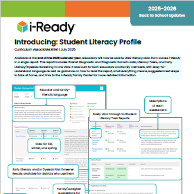 Available at the end of the 2025 calendar year, educators will now be able to view literacy data from across i-Ready in a single report. This report includes Overall Diagnostic and Diagnostic Domain data, Literacy Tasks, and Early Literacy/Dyslexia Screening in one view. It was built for both educators and family members, with easy-to-understand language as well as guidance on how to read the report, what everything means, suggested next steps to take at home, and links to the i-Ready Family Center for more detailed information.
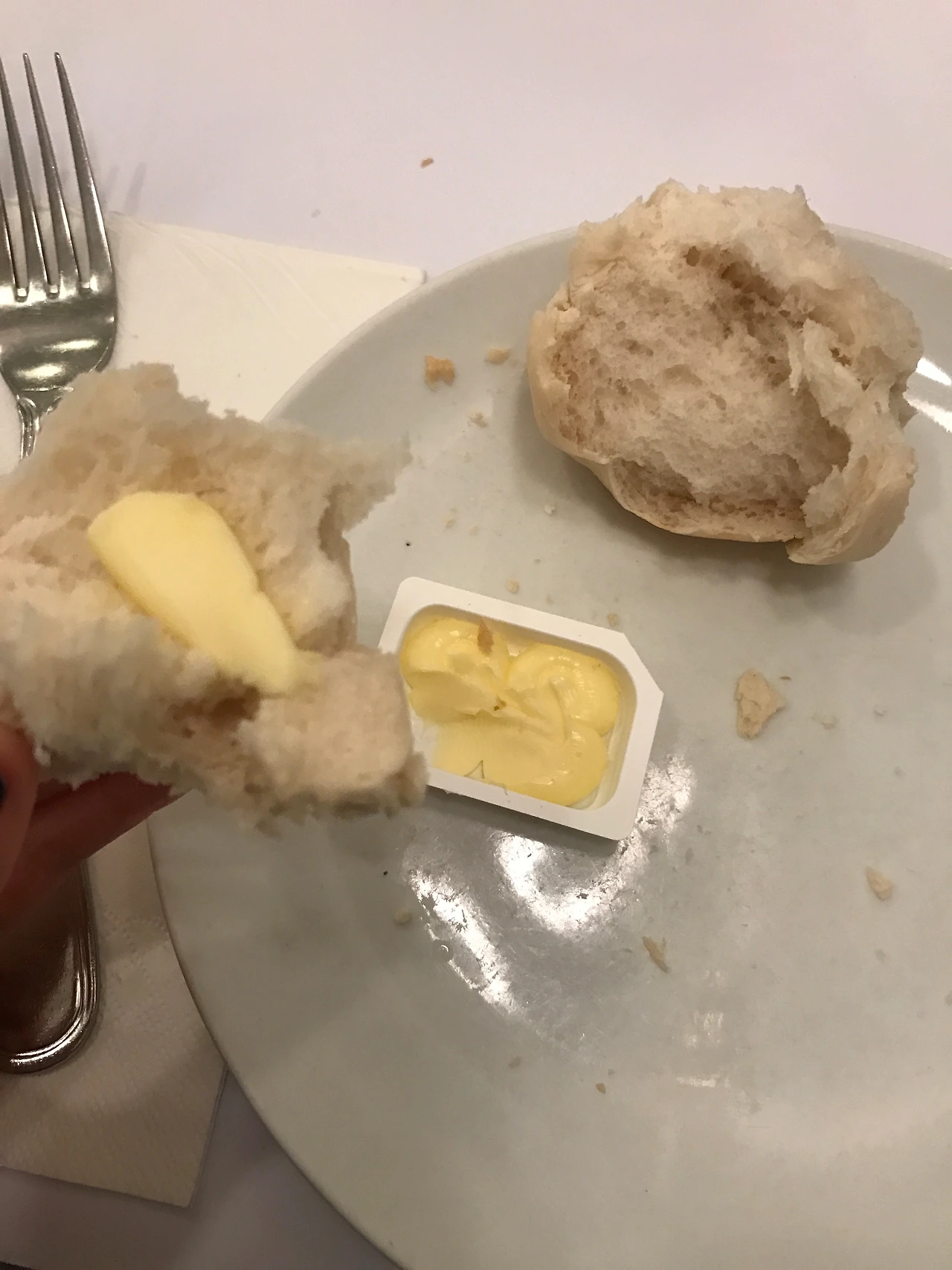 나는 고기류가 들어간 콘지(죽)을 시켰고, 북경에서 먹던 요우티아오를 다시 맛보고 싶은 마음에 식어빠진 요우티아오도 시켰다. 참고로 상기콘지의 죽은 정말 정말 맛있는데 요우티아오는 비추다. 차마 씹지 못할 정도의 맛없는 요우티아오가 나와 몹시 속상했다. 그러나 위에도 계속해서 언급했듯 당장 페리 타러 갈 시간이 빠듯했기 때문에 요우티아오 불평은 접어두고 죽을 마시다시피 들이켰다. 입천장이 다 데었지만 정말 맛있었다.
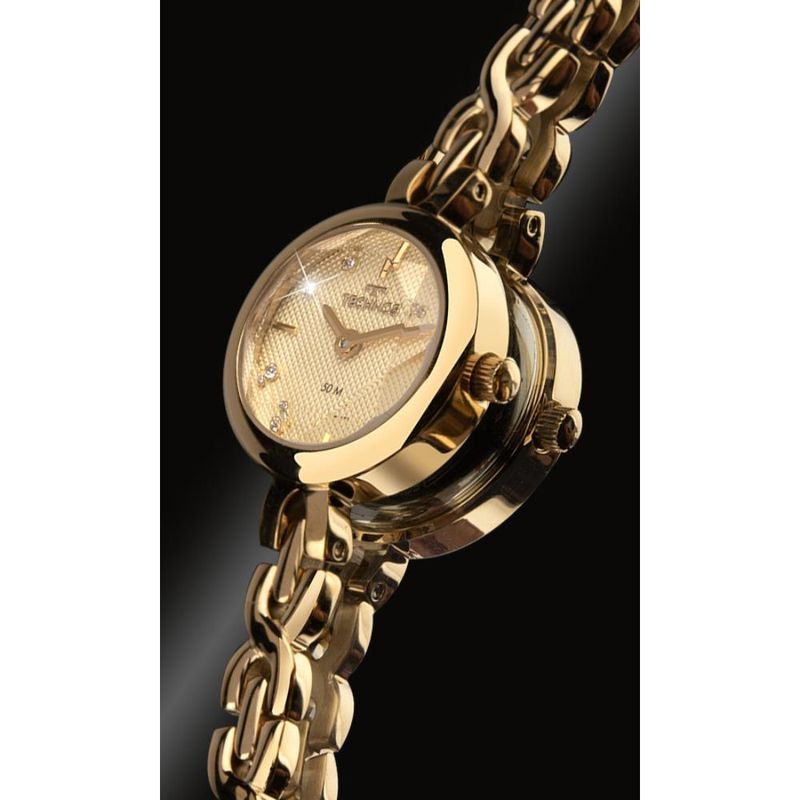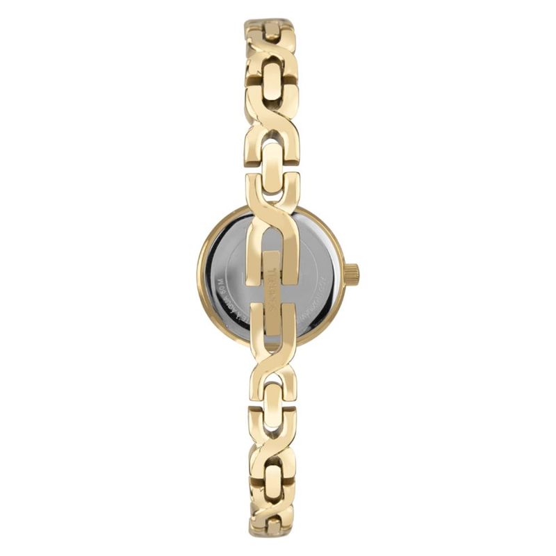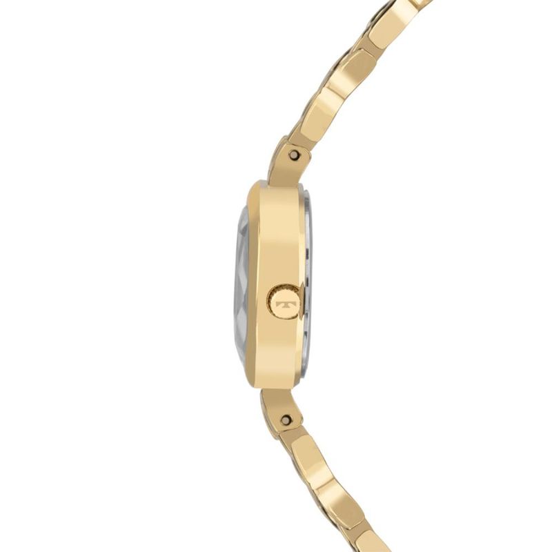Descrição do Produto: Caixa de Aço InoxPulseira de Aço Inox Estilo BraceleteFundo de PressãoResistente à Água 5 AtmDiâmetro / Largura da Caixa: 20.00 MMVidro de Cristal Mineral BisotêFunções: AnalógicoMaquina JaponesaAlimentação do Maquinário: BateriaMostrador Dourado com pedrasGarantia de 1 Ano
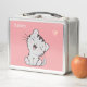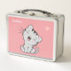 Cute Tabby Cat & Heart on Light Pink Metal Lunch Box

* _Work task_: Reproduce the listing above from the line that contains "Descrição do Produto: Caixa" through its final line, exactly and with nothing added. Omit the images.

* _Task output_:
Descrição do Produto: Caixa de Aço InoxPulseira de Aço Inox Estilo BraceleteFundo de PressãoResistente à Água 5 AtmDiâmetro / Largura da Caixa: 20.00 MMVidro de Cristal Mineral BisotêFunções: AnalógicoMaquina JaponesaAlimentação do Maquinário: BateriaMostrador Dourado com pedrasGarantia de 1 Ano
 Cute Tabby Cat & Heart on Light Pink Metal Lunch Box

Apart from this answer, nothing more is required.